1. Tiered compilation: C1, C2, and the receiver-type profile¶

HotSpot ships with two JIT compilers and a tiered policy that bridges them.

Interpreter (level 0) — every method starts here. Bytecode is executed directly. A simple invocation counter ticks.
C1 (levels 1–3) — the fast compiler. Produces decent code quickly. At level 2 (the typical first compile) it also instruments the code to collect type profiles at every virtual call site.
C2 (level 4) — the optimizing compiler. Uses the profile collected by C1 to make inlining decisions: monomorphic gets a direct call, bimorphic gets a type-switch with two inlined bodies, megamorphic gets a real invokevirtual / invokeinterface.
Graal (alternative level 4) — an experimental replacement for C2 available via -XX:+UseJVMCICompiler. Same theory, different heuristics.

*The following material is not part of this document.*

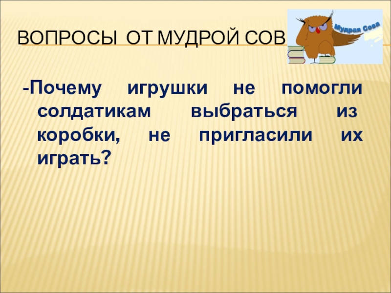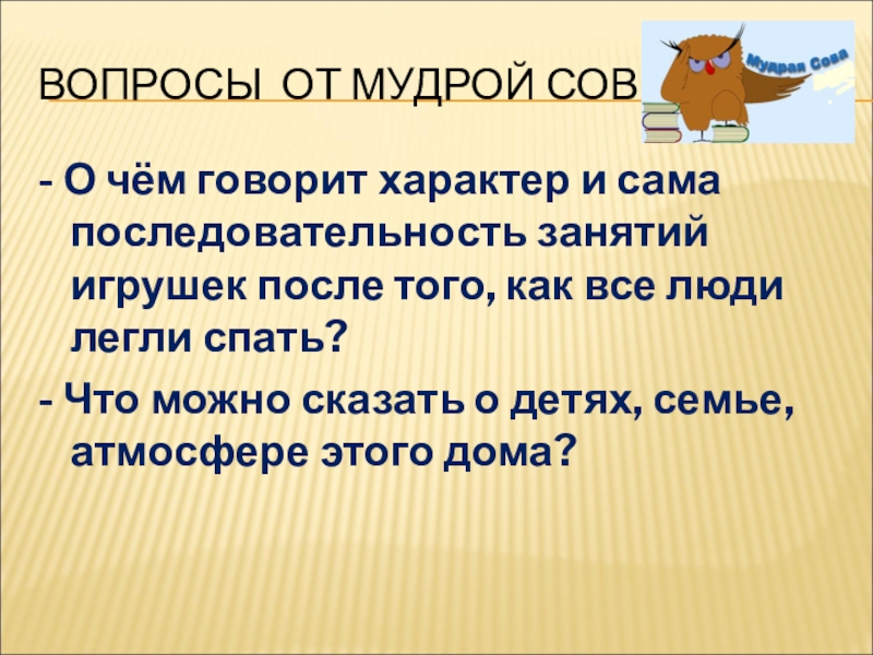 Слайд 37ВОПРОСЫ ОТ МУДРОЙ СОВЫ

Each call site accumulates a receiver type profile during the interpreted + C1 phase: typically four slots, each holding (klass, count). When C2 compiles, it reads the profile and decides:

profile slots used  |  C2's choice
1                   |  monomorphic — direct call, optionally guarded
2                   |  bimorphic   — `if (klass == A) callA; else if (klass == B) callB;`
3+                  |  megamorphic — fall back to vtable / itable

The bimorphic-inlining trick — two inlined bodies plus a guard — is HotSpot's signature optimization. It catches most real polymorphism in production code, because the distribution of receiver types at a single call site tends to be heavily skewed: one or two types dominate, even when the hierarchy has dozens of implementations.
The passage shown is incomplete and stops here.